At the time, canoeing was largely unknown in Scandinavia, though John MacGregor had visited Sweden in 1865 with his sailing canoe Rob Roy, and Swedish naval officers had come into contact with canoes in international waters. Smith was however an active promoter of canoeing, not least as a contributor to a magazine for sports published by his cousin Viktor Balck (one of the original members of the International Olympic Committee). He also wrote in other magazines, and between 1880 and 1883 he was deputy editor of Ny Illustrerad Tidning. Furthermore, he published several books on nautical topics. When the Stockholm Canoe Club (Föreningen för Kanot-Idrott) was founded by a group of adolescents in 1900, Smith became a mentor for them.

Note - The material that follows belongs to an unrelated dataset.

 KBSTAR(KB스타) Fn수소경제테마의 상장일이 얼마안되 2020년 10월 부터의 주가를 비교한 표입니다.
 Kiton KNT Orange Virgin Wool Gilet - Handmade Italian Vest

Carl Smith was furthermore active as a designer and constructor of canoes. He left behind at least 36 half hull model boats and canoes, as well as many drawings and blueprints. Some of his designs were experimental; he for example attempted to make canoes out of sheet metal and cardboard. Other designs were more successful; around 100 of the Helsa-type sailing canoes designed by Smith were produced. Among these one, baptised Carmen and built in 1882, was brought on the frigate Vanadis on its circumnavigation of Earth in 1883–1885 and used in Patagonia and on the coast of Peru.